One doctor presented a database of genetic information that she had created. The idea was to share genetic discoveries about Usher syndrome with the wider researcher community. Awesome idea. But researchers could enter their findings and mark it private if they so chose. The doctor strongly urged people not to do this, but the fact that she felt it was necessary to include such a feature to get other researchers to use the database speaks volumes about the mindset of many. It is their discovery, their research, and the rest of the research community and the families themselves are not welcome to it.

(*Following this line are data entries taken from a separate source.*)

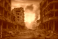 Fototapeta - 戦争で爆撃を受けた街 火災と倒壊した建物やビル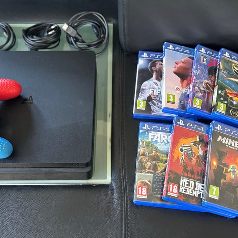 Säljer ett mycket välvårdat PlayStation 4 Pro-paket. Detta är Pro-modellen, vilket innebär kraftfullare prestanda och stöd för 4K-upplösning – perfekt för dig som vill ha den bästa spelupplevelsen på PS4.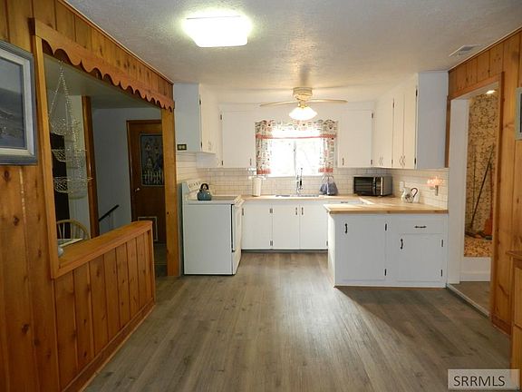Lovely home offers a spacious floor plan, upgrades from roof to basement that combine traditional detail with modern style. This ranch-style 1,590sqft 3-bed 1-bath includes new PEX plumbing, fixtures, and water heater. The kitchen with all new counters combined with farm sink, and glass top range offer ample space for all your cooking needs along with two separate dining areas that flow to the living room. Living room has large picture windows that offer great views of mountains and valley, and bring in great light at every season. The main level has a large master bedroom, full bath, laundry with additional storage area and two guest bedrooms. Flooring includes new carpeting in the living room and LVP flooring in kitchen, dining rooms, bathroom and pantry, original wood floors in two of the bedrooms, brand new entry tile and wall tile behind pellet stove. Energy-efficient features include all new lighting, propane air forced furnace, pellet stove, and a wood-burning fireplace. Storage is ample with lots of built-in cabinetry between the main level and finished basement. The huge lot offers ample parking for your RV and toys, various outbuildings, with plenty of area for gardening. Move-in ready. Call for a tour today!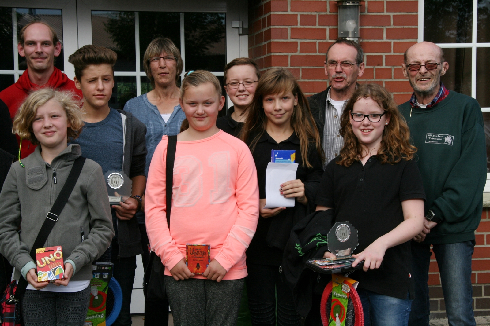 Fast alle Teilnehmer sind auf dem Abschlußfoto, unter ihnen unsere KV-Majestäten Lena und Lukas, sowie Stellv. Bezirkssportleiterin Britta Löhmann, Bezirkspräsident Karl-Friedrich Scharrelmann, Sportleiter Udo Bolte, Jugendsportleiter Dominic Lüdeke, Damensportleiterin Sabine Prochazka, Präsident Dieter Lüdeke, Stellv. Sportleiter Günther Prochazka.(von links)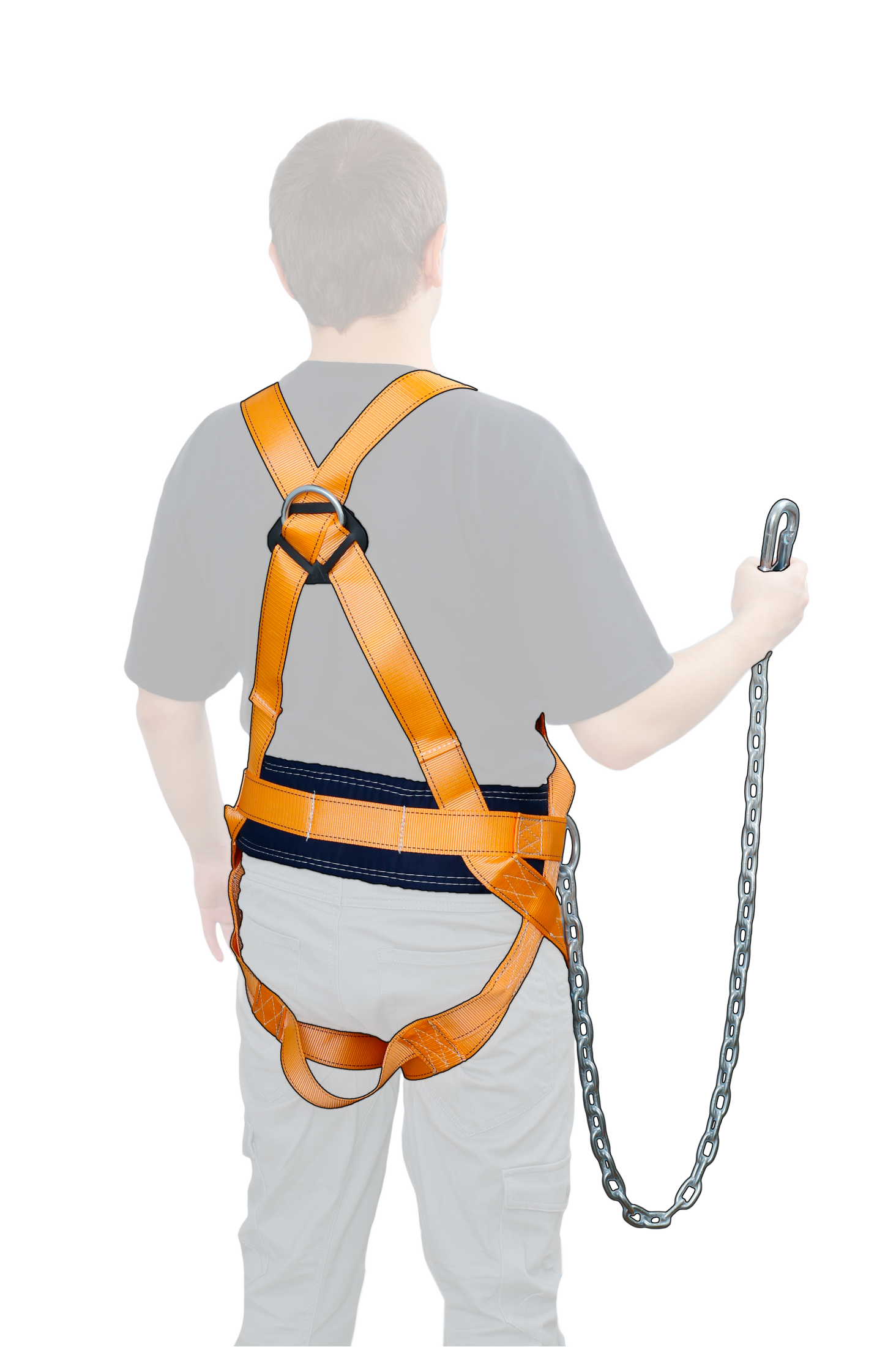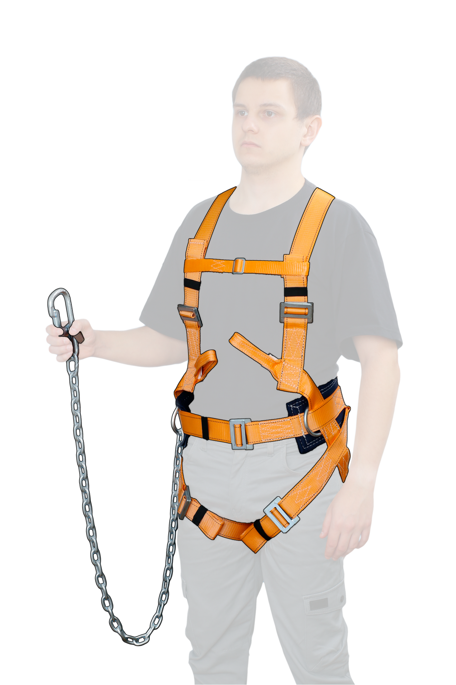 Страховочная привязь с наплечными и набедренными лямками — компонент страховочной системы для охвата тела человека с целью защиты тела работника при непредвиденном падении с высоты. Высокий (150мм) прошитый кушак обеспечивает максимальное удобство при длительном выполнении работ. Имеет четыре элемента крепления: два D-образных элемента крепления расположены по бокам привязи, одно на спине и анкерная петля на груди. Наличие регулируемых застёгивающих пряжек на наплечных и набедренных лямках позволяют за минимально короткое время подогнать привязь по размеру. Наличие вспомогательной ленты с застёжкой на груди позволяет быстро отстегуть и пристегнуть привязь. Строп подбирается, исходя из специфики задач. Рекомендуется использовать стропы с амортизатором для уменьшения силы рывка при падении.

That makes me angry. Not only could they possibly be withholding information that could help my family but they may very well be stunting the research done by others in the process, further slowing the overall search for a cure.

We CAN Handle The Truth

I understand the concern around sharing certain information with families. I feel it now as I prepare to write about what I learned at the conference. I learned, for instance, that if you shoot a rat with retinitis pigmentosa full of so much TUDCA that the rat eventually dies from the dosage, that rat’s vision does not deteriorate while the vision in similar rat’s with RP does deteriorate. I am worried that parents will buy an oil drum full of TUDCA and hook it via IV to their infant. But does that mean that families shouldn’t be told that TUDCA has protected the vision of rats with RP in monstrous doses. I mean, I’m a parent and I’m not going to be shooting up my daughter with the stuff.

I only felt compelled to speak up once during the meeting. That was when a debate opened up about the merits of withholding or delaying the delivery of a diagnosis to families found through the newborn hearing screen. The idea was to ‘protect’ them from the emotional trauma of an Usher diagnosis so soon after they receive a hearing loss diagnosis. My response was something along the lines of ‘Parents are adults. Treat them like adults.’

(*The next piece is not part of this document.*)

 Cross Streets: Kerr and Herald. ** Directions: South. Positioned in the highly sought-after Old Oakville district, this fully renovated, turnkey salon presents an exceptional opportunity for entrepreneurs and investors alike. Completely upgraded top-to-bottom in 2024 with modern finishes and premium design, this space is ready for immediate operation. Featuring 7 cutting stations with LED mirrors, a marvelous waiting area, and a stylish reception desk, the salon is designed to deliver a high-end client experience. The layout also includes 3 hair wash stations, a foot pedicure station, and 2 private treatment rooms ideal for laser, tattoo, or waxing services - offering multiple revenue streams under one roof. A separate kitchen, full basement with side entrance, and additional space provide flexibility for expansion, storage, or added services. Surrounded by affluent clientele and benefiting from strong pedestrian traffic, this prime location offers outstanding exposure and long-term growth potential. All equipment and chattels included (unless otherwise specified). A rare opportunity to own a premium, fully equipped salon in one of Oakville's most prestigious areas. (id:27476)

The point here, to misquote Jack Nicholson, is we CAN handle the truth. Please, please, please don’t protect me from information because you don’t think I’m big enough to handle it. If a doctor or a researcher I respect tells me to please, whatever you do, don’t stuff your kid full of TUDCA, I’m not going to do it (and please, whatever you do, don’t stuff your kid full of TUDCA). However, if you want my respect, you’ll tell me all you know and trust that I can handle it.

The Big Problem

More than once I talked to doctors who lamented the fact that desperate patients had ignored their advice and gone to Cuba or China to have some cockamamie treatment ‘guaranteed’ to save theirs or their child’s vision. They were understandably appalled by this and I could see that it drove their fear of mentioning any untested treatment (like TUDCA) to any family. They don’t want desperate, frightened families to do something rash. They are right. We don’t want that to happen.

But when doctors and researchers always stress what we don’t know while not openly sharing what we do, it opens the door for these scam artists to step in. What doctors fail to realize is that they contribute to the problem when they withhold information from families. It makes them seem ill informed. (You mean you hadn’t heard that TUDCA helped rats see better?) It also understates what we do know and exaggerates the possibility that Jennifer’s hated ‘pseudo-science’ could hold merit. I mean, they laughed at Columbus when he said the world was round, didn’t they? That, in turn, makes families wonder if maybe, just maybe, those doctors in Cuba know a little bit more or the doctors in China are a little more open to sharing information.

This is about trust, and trust starts with the open sharing of information. Tell me what you know in a format I can understand. I can handle the truth.